But my friends  in the capital did their very best and we actually have a bed, and not simply a tile floor, - this here has a rug, well, a ratty rug. but a rug - to sleep on.  And, there’s water carried in, usually, a bokit and tin cup to bathe with,  and even a secluded double-header head!  Er, that is, a 2-seater latrine. 

Plus it’s very secure.  Check out the security:  coils of concertina wire even atop the walls of the compound.

It’s Vietnam all over again.

Thursday, July 19, 2012

Le Monde de Morne Bouton: Istwa ap kontinye, Digicel ede pep nan Mon

Wi, papa! Konstriksyon lekol komanse, ak ed Digicel, Mairie, epi Bon Dieu li menm. In July, shortly after this video was compiled and set to music, that same old confluence of serendipity made manifest a miracle. You'll see the surprise in the last frame of "The Children's Crusade"

Wednesday, July 18, 2012

Le Monde de Morne Bouton: School Construction Underway!

Cement Blocks pile up at river's edge
School Construction Underway, a veritable Citadel for our Mountain Community!  Thank you, Digicel!
The school, a monumental structure to be the local equivalent of Henri Christophe’s La Citadel in northern Haiti, is under construction!  That is, thanks to Digiel’s CEOs and the unflagging efforts of Principal Dieudonne (aka “John”), to bring everything together, the building materials are literally piling up at the river's edge (the Momance), awaiting mules, people or…? Trucks ? For the long haul up...
Yes - a yellow bulldozer has started to dig a road up!  
It stopped after 300 feet.  
Only 3200 more to go...

Given the difficulties of transport and Principal John’s persistence, it appears that soon a road will be dug by a bulldozer (or two), to allow for trucks to bring materials to the school site, some 3500 feet up.  And, indeed, one bulldozer made an appearance last week, dug about 100 meters and stopped.

Out of gas!  Now, that's another wrinkle...

Here’s one clip showing materials starting to pile up at the river's edge (they crossed over to the Djon Djon side and stopped just where one must start the almost vertical hike up.  Goats do well here, even mules.  And, some people.  But cement?  Sand?

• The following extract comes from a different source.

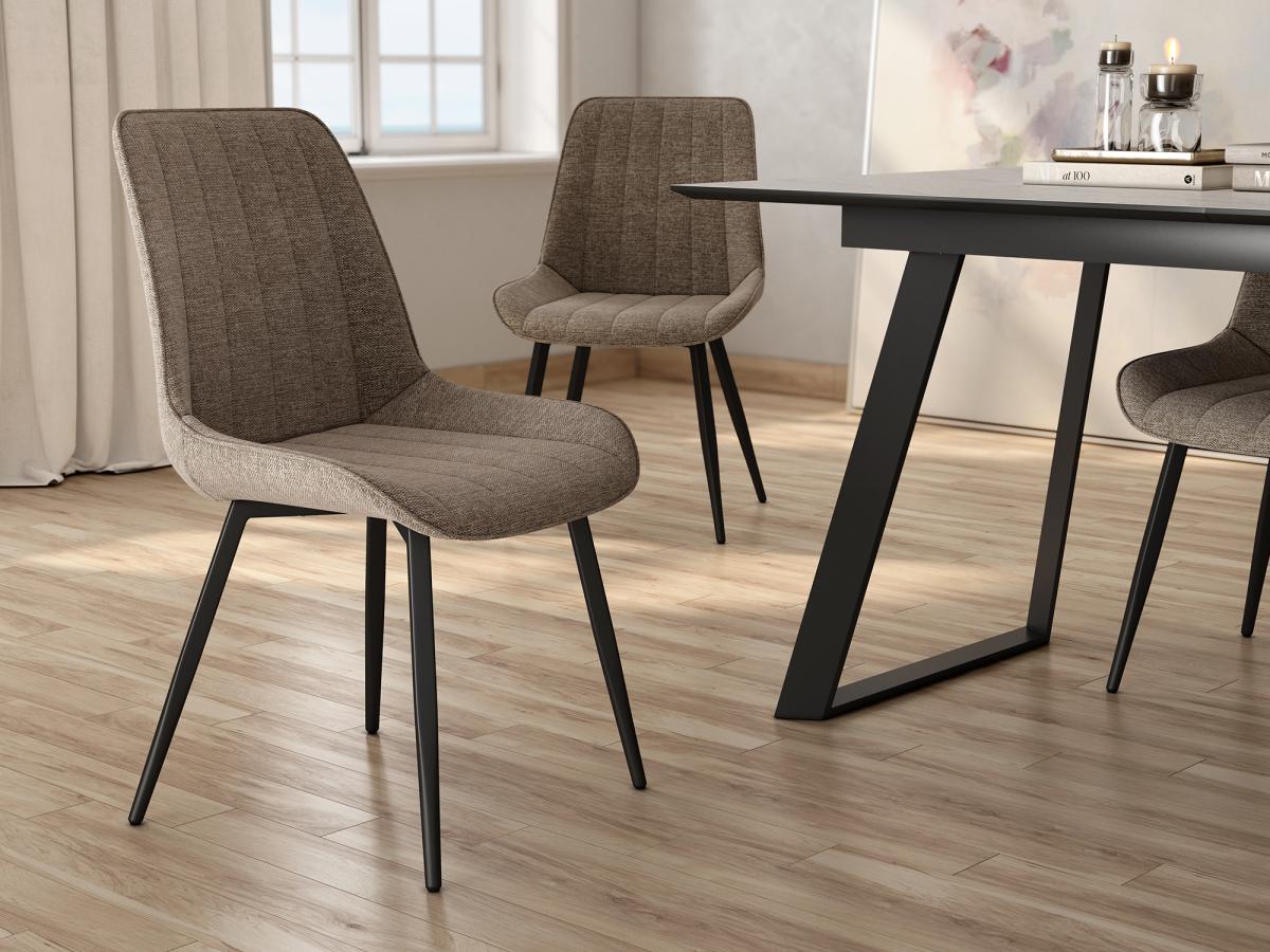 Silla con respaldo y asiento tapizado. Patas metálicas negras. Sillas tapizadas en tela Ufo colores crema, perla y marengo y en tela Brego en colores marrón, salmón, mostaza, verde, azul y gris. Se sirven en cajas de 2 unidades.

Gravel?  Cement blocks?  Coils of wire? Stacks of rebar?  6 tons more of it?

Are things looking up for Zoranje zone's children?

A Children's Crusade, of sorts, starts with schlepping rebar up from the river's edge.
The clip shows the route followed some 200+ years ago  by newly freed slaves - who feared the French would return - to carry a cannon up to Zoranje zone.  This is the same route followed now by child and adult volunteers, who carry rebar and construction materials up to build a school, funded by Digicel.  This clip shows the day of the "Children's Crusade," an impressive effort by tag teams of children as young as 7, who participated in the "sevis kominote" (community service).  All received a huge meal of rice and beans after the work.  The school principal's wife is in charge of cooking and serving some 100+ workers - usually not on a daily basis however.  Folks need to rest!

Monday, July 16, 2012

Le Monde de Morne Bouton: Building with Digicel!

Deja vu all over again...
La Citadel, commissioned by Henri Christophe, was built between
1805-1820 on this mountainside by 20, 00 freed slaves.

A school is offered by Digicel Foundation for this mountain zone, 
Zoranje, 6eme seksyon 
Leogane, southeastern Haiti, 2011-2012.

A Conspiracy of Forces:  Pep andeyo, timoun lekol, la Mairie, Digicel, Letat (and mwen)

Mezanmi!  It appears that the Mairie of Leogane, Digicel and even Letat d’Ayiti may all be on board with the 6-room schoolhouse Digicel Foundation thought it might build! At least, it had been proposed last summer, for elementary school children in our remote mountain zone, Zoranje, 6eme seksyon, Leogane.  That’s “remote” as in “no roads.”

And as of today, it seems that the powers that be have agreed that, in order for the 7 tons of construction materials to appear at the school site, why, a road (a road!) will have to be constructed first.  A road!

How did this minor miracle come to pass? 

The usual confluence of serendipity that is Haiti, I suppose.

Thanks to a Haitian Facebook buddy, who works for Digicel, I was digitally introduced to then-CEO of the Digicel Foundation, Elizabeth Headon.  Then followed an astonishing in-person meeting of Ms. Headon with three of us mountain personae: Elisee Abraham (a.k.a. Toma), myself, and young Destin Louisjean, along for the ride and the education.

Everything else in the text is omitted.